Data Machine turns a WordPress site into an agent runtime — persistent identity, memory, pipelines, abilities, and tools that AI agents use to operate autonomously.
- Pipelines — Multi-step workflows: fetch content, process with AI, publish anywhere
- Abilities API — Typed, permissioned functions that agents and extensions call (
datamachine/upload-media,datamachine/validate-media, etc.) - Agent memory — Layered markdown files (SOUL.md + MEMORY.md in agent layer, USER.md in user layer) injected into every AI context
- Multi-agent — Multiple agents with scoped pipelines, flows, jobs, and filesystem directories
- Self-scheduling — Agents schedule their own recurring tasks using flows, prompt queues, and Agent Pings
Data Machine builds on Agents API for generic agent runtime contracts and durable agent primitives. Data Machine owns the WordPress automation product layer: pipelines, flows, jobs, handlers, tools, abilities, memory files, system tasks, request assembly, and admin/CLI surfaces.

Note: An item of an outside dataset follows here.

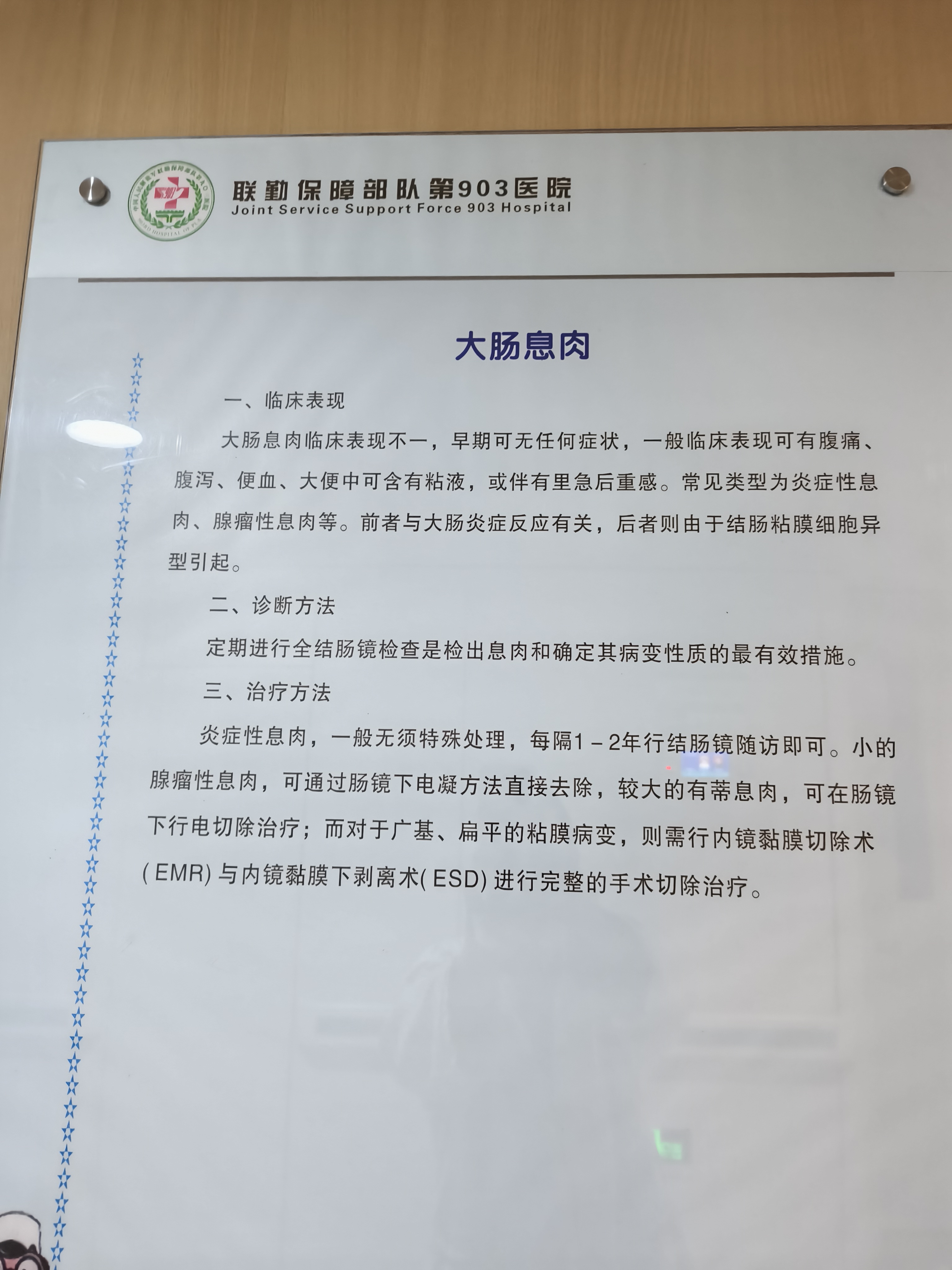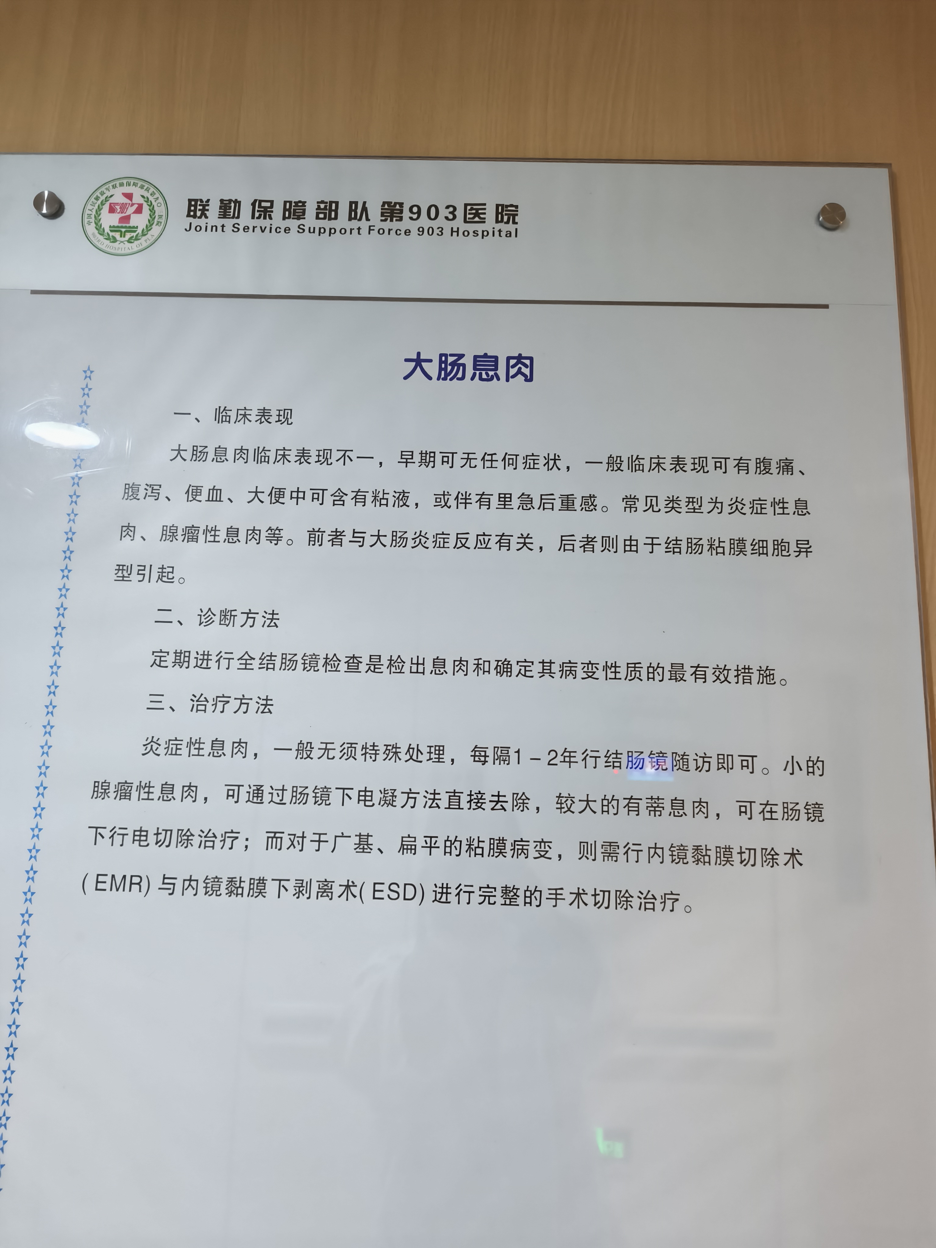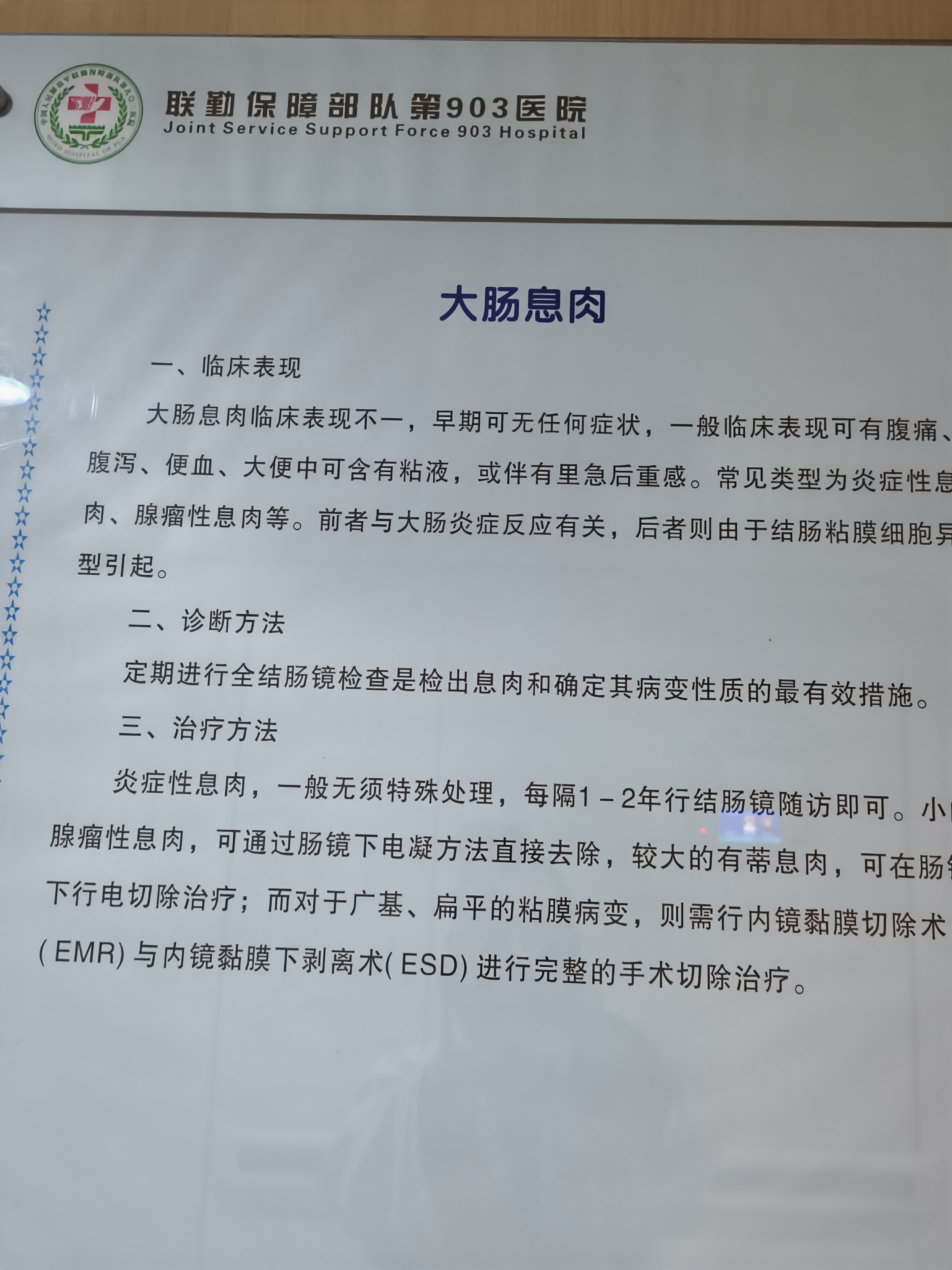 大肠息肉临床表现不一,早期可无任何痖状,一般临床表现可有腹痛,腹泻,便血,大便中可含有粘液,或伴有里急后重感。常见类型为炎症性息肉,腺瘤性息肉等。 定期进行全结肠镜检查是检出息肉和确定其病变性质的最有效措施。 炎症性息肉,无须特殊处理,1一2年进行结肠镜随访即可。小的腺瘤性息肉,可电凝方法去除,大的有蒂息肉,可行电切除治疗。

Data Machine is the WordPress automation product layer on top of generic agent primitives:
WordPress site
-> Data Machine product runtime
pipelines, flows, jobs, handlers, system tasks, policy-gated tools,
pending actions, memory files, bundles, REST, WP-CLI, admin UI
-> Agents API substrate
agent contracts, durable conversation loop, transcripts, memory-store
interfaces, approval vocabulary, locks, event sinks
-> wp-ai-client / provider adapters
one-shot model calls and durable agent turns
Use Agents API for durable, generic agent runtime behavior. Use Data Machine for WordPress automation behavior: pipeline orchestration, publishing, content operations, queues, files, policies, approvals, bundles, and operator surfaces. Extension plugins add handlers, abilities, tools, and bundle extras without reaching into core internals.

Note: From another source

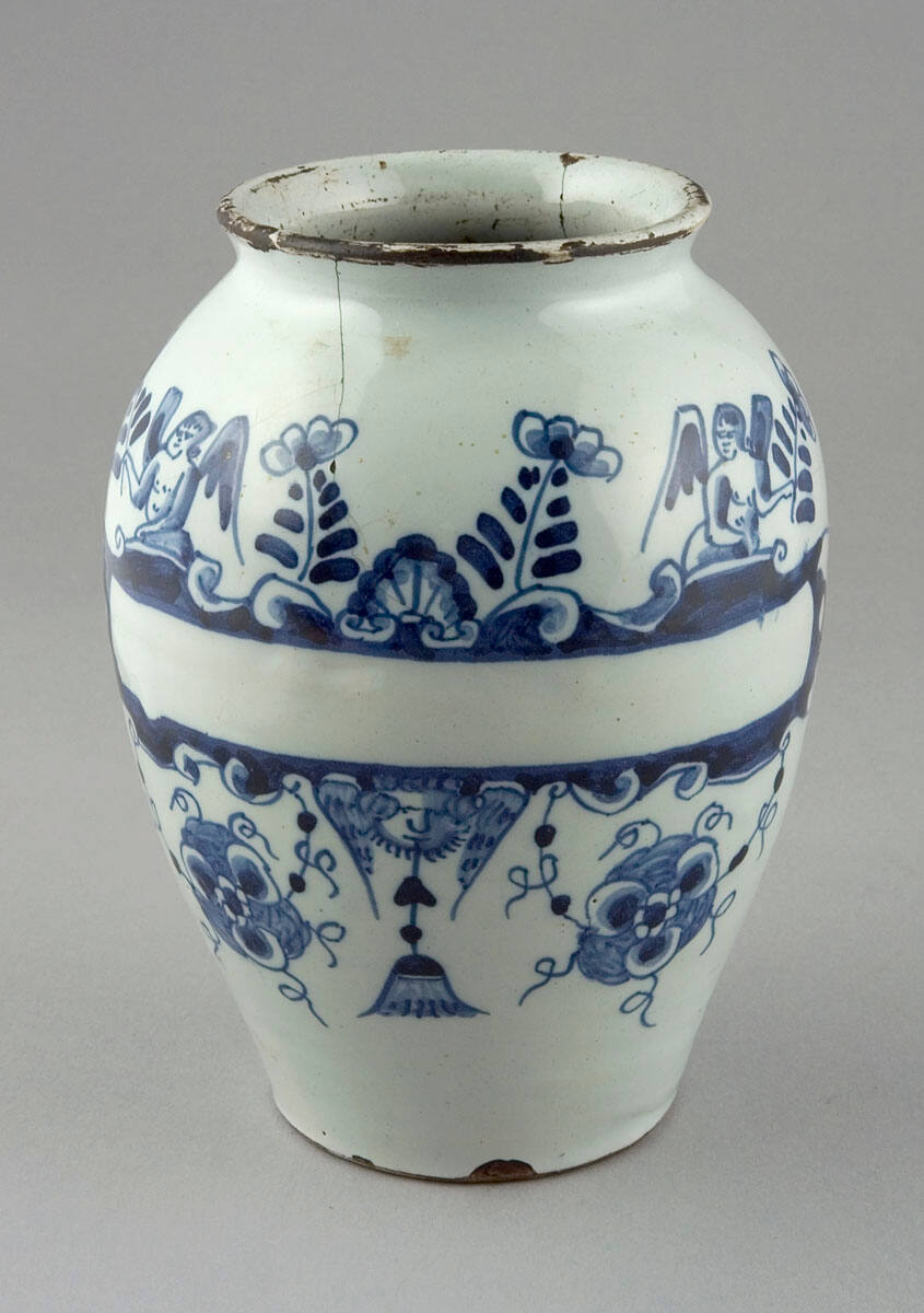DescriptionWide-mouthed jar with blue decoration on white ground. Horizontal escutcheon bordered by flowers, vines and garlands. Two winged figures on top; sun-like face appears from bottom edge, center of escutcheon, tassel hanging from his mouth. Rimmed circular lid and circular wood stand. (Two cracks running from rim into shoulder; surface ship bottom edge center front).

┌─────────────┐ ┌─────────────┐ ┌─────────────┐
│ FETCH │ ──▶ │ AI │ ──▶ │ PUBLISH │
│ RSS, API, │ │ Enhance, │ │ WordPress, │
│ WordPress │ │ Transform │ │ Social, │
└─────────────┘ └─────────────┘ └─────────────┘
Pipelines define the workflow template. Flows configure and schedule a pipeline. Jobs track each execution, artifacts, retries, status, and undo support. The engine processes work as a bounded cycle: fetch or receive input, process one item through the configured steps, persist job/log/artifact state, then either complete, fail, reschedule, or let the next drain/worker pass continue the queue.
Long-running automation uses small repeatable units instead of one unbounded request:
| Concept | Purpose |
|---|---|
| Cycle | One bounded scheduler/engine pass. It claims due work, advances jobs, and exits. |
| Drain | CLI/operator command that repeatedly runs due work until the queue is empty or a budget is reached. |
| Worker | Runtime wrapper for ongoing background processing. It runs cycles under configured limits. |
| Retention | Cleanup tasks for old logs, jobs, processed items, files, Action Scheduler rows, stale claims, and chat sessions. |
Useful entry points: wp datamachine cycle, wp datamachine drain, wp datamachine worker, wp datamachine jobs summary, and wp datamachine retention.
One agent, three operational modes — same identity and memory, different guidance and tools:
| Mode | Purpose | Tools |
|---|---|---|
| Pipeline | Automated workflow execution | Handler-specific tools scoped to the current step |
| Chat | Conversational interface in wp-admin | 30+ management tools (flows, pipelines, jobs, logs, memory, content) |
| System | Background infrastructure tasks | Alt text, daily memory, image generation, internal linking, meta descriptions, retention (GitHub issues in data-machine-code extension) |
Built-in mode guidance is injected by AgentModeDirective at runtime and extensions can register more modes through AgentModeRegistry. Configure AI provider and model per mode in Settings. Each mode falls back to the global default if no override is set.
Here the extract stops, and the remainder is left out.